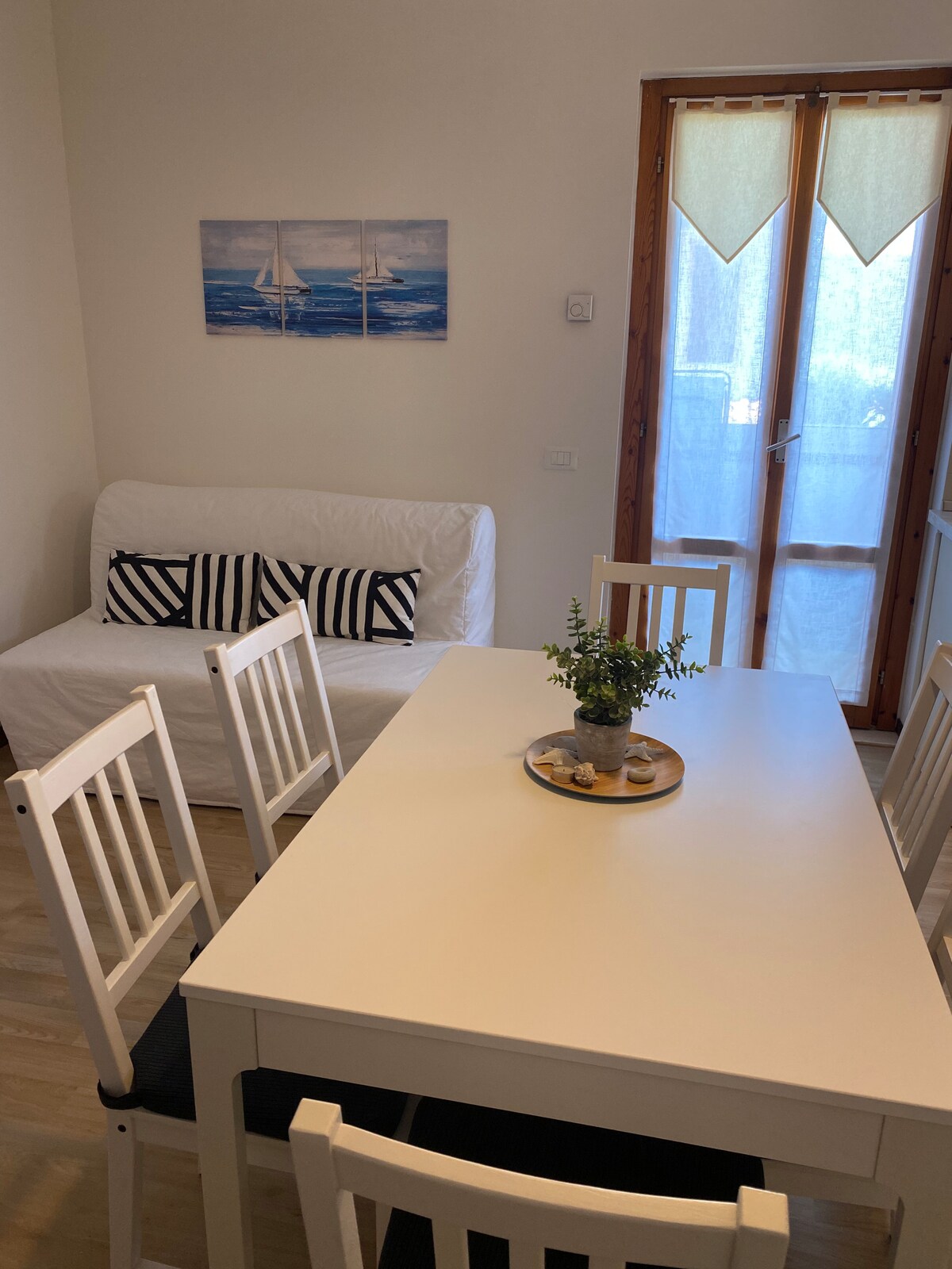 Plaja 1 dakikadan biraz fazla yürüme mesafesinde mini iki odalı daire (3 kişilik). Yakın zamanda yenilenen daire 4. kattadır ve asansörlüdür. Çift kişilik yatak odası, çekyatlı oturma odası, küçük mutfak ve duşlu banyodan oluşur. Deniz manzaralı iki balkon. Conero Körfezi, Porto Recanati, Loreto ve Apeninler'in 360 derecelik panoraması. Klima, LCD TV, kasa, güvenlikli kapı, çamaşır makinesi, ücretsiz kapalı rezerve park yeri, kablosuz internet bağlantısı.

--

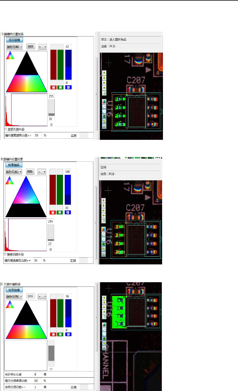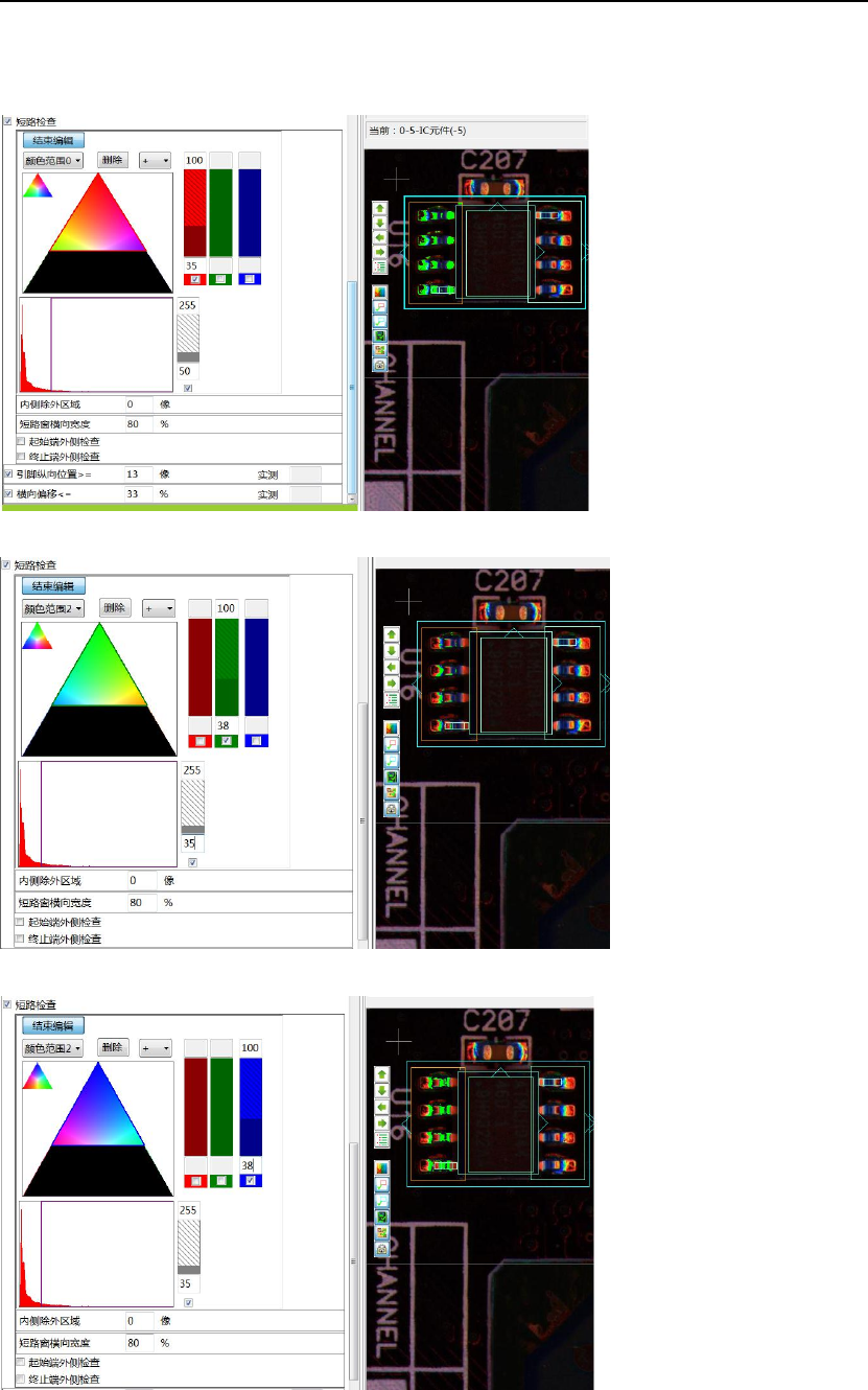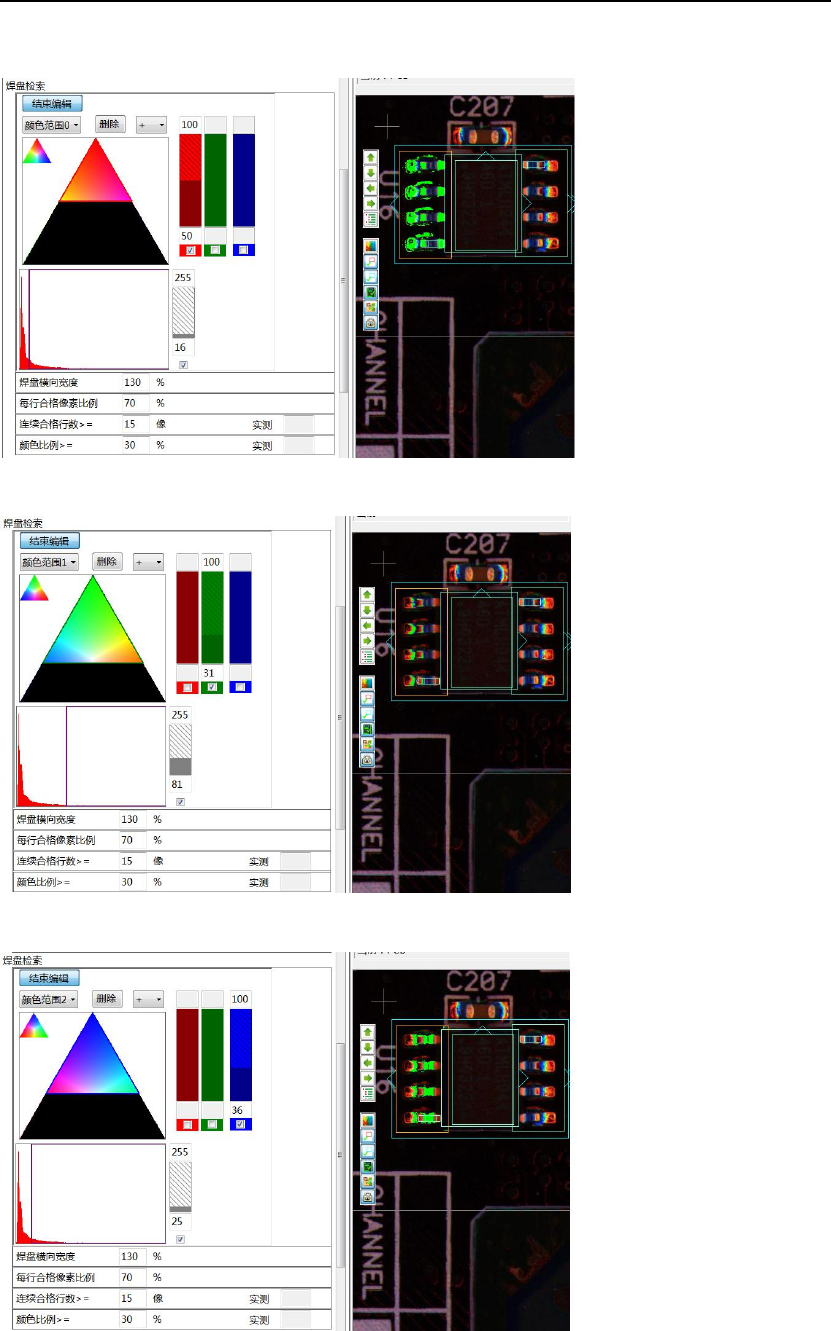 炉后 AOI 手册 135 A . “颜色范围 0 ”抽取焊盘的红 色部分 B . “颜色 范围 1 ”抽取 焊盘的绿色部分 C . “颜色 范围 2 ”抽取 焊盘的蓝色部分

--

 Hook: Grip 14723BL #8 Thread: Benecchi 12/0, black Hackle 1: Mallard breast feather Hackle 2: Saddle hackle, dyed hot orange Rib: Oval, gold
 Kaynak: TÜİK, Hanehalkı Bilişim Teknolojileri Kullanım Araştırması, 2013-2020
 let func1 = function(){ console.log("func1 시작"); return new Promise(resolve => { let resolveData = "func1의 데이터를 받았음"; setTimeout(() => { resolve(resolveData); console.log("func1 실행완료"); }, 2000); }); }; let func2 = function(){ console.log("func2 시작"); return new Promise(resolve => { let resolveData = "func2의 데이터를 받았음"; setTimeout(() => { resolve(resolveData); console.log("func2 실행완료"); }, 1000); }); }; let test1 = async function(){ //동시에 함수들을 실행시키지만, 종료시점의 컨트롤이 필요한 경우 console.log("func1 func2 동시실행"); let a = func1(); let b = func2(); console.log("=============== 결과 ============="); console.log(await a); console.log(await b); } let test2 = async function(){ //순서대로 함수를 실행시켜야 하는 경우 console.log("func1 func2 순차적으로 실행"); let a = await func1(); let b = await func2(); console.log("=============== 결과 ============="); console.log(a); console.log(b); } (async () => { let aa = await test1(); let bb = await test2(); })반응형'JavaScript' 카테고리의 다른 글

__EXERCISE DIRECTIONS__
Print exactly the lines of the listing above starting at the line containing "Hook: Grip 14723BL" and ending at the line containing "Kaynak: TÜİK, Hanehalkı", both included.

__EXERCISE ANSWER__
 Hook: Grip 14723BL #8 Thread: Benecchi 12/0, black Hackle 1: Mallard breast feather Hackle 2: Saddle hackle, dyed hot orange Rib: Oval, gold
 Kaynak: TÜİK, Hanehalkı Bilişim Teknolojileri Kullanım Araştırması, 2013-2020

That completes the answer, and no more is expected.